導糸シルベイト』を編もうにも魔力が散ってしまったことからも分かるように、俺は『朧月』の影響範囲にいて、魔力が組めないのだ。


「僕が前に魔法使えなくなったこと」


 1年前。

 まだ俺がニーナちゃんと出会ったばかりの頃。


 ニーナちゃんのモンスターに対するトラウマを払拭するべく、学校でモンスターと戦っている時に突如として夜の学校に閉じ込められたときのことだ。閉じ込められた先で、魔法が使えなくなったことがあったのだ。


 何故、使えなくなったのか。


 それはイレーナさんが教えてくれた。

 俺の魔力を打ち消し合う逆位相の『導糸シルベイト』。

 つまりは、黒く染まった『導糸シルベイト』だ。


 それを思い返せば、どうして『複合属性:夜』に捉えられたら魔法が使えなくなるのかも分かる。
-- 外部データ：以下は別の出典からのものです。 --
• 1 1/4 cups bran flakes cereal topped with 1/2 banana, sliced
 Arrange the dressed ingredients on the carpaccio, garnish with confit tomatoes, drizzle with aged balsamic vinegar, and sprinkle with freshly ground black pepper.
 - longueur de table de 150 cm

あれは五属性を掛け合わせることで魔力の波長がめちゃくちゃになって、捉えられた人の魔法が打ち消されることで使えなくなる。


 だから、ずっと……ずっと不安だった。

 もし『朧月』や、魔法の打ち消しディスペルを使うモンスターが出て来た時に、俺はちゃんと祓えるのだろうかと。
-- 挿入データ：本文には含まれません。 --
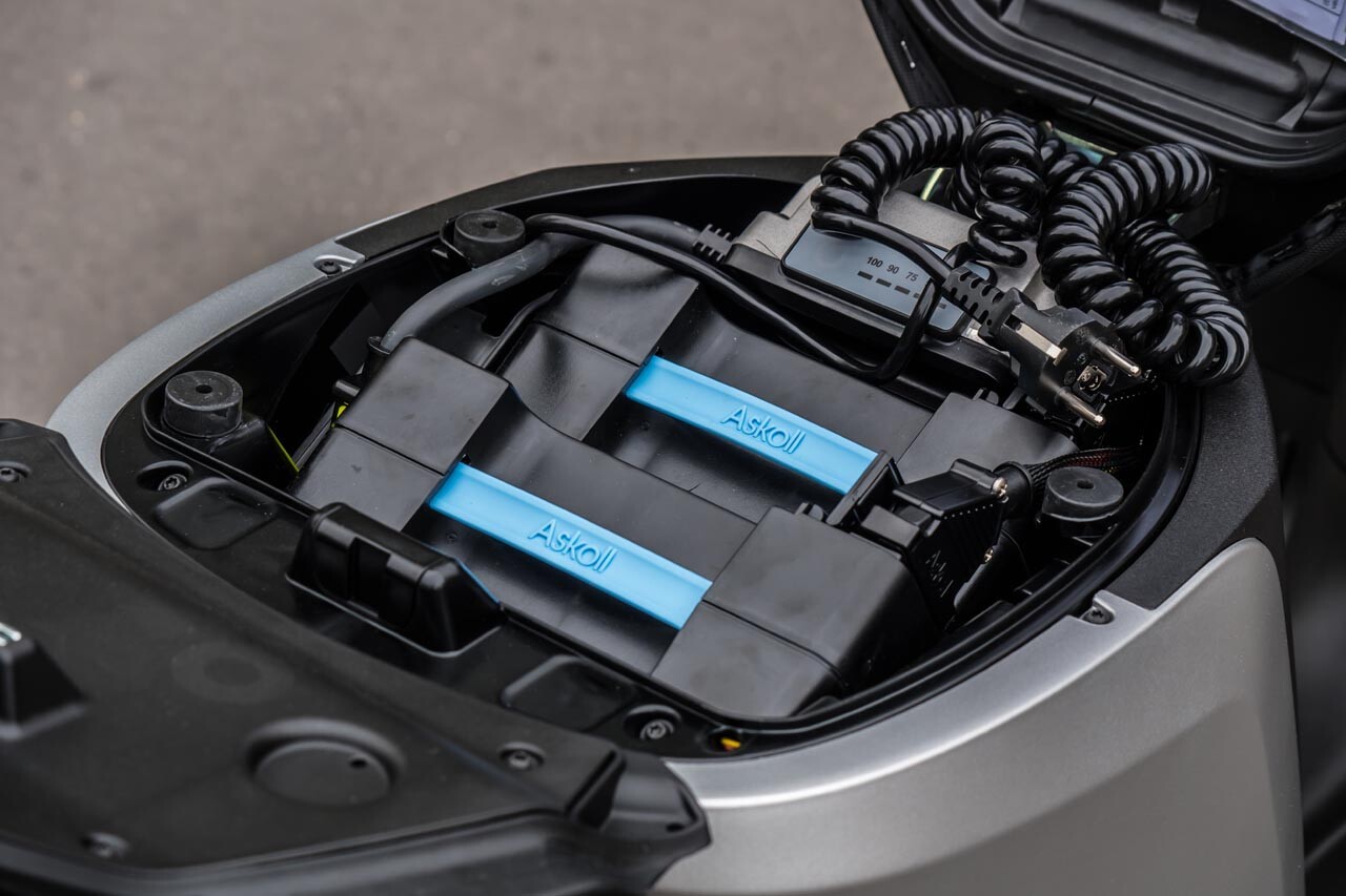 Der Roller verfügt über zwei herausnehmbare Lithium-Akkus mit einer Reichweite von 71 km.

 魔法は打ち消され、手も足も出ずに、殺されてしまうだけではないのかと。


 だから、カウンターが必要だった。


 必要なものは打ち消し効果を上回る圧倒的な魔力。

 朧月に限って言えば通常時の81万倍という魔力を超える魔力が必要になる。

 なるのだが、逆に言えば


 だからこそ、俺はカウンターを用意できた。

 『朧月』へのカウンターが。


 それを使う時が、今だ。


「――『来い』」


 俺はニーナちゃんを片手で支えながら、勢いよく真下に手を伸ばした。


 どろり、と俺の影が溶ける。

 俺の影を“核”にして、その周りを固体化しそうなくらいの圧倒的な魔力でコーティングする。そうすれば『朧月』の逆位相の魔力を打ち消してなお、余りある魔力が妖精になるのだ。


 影を基に生み出す妖精。


 ――シャドウ。


 そして俺の生み出した妖精が地面を走るとミノムシみたいなモンスターが生み出した『朧月』に手を伸ばした。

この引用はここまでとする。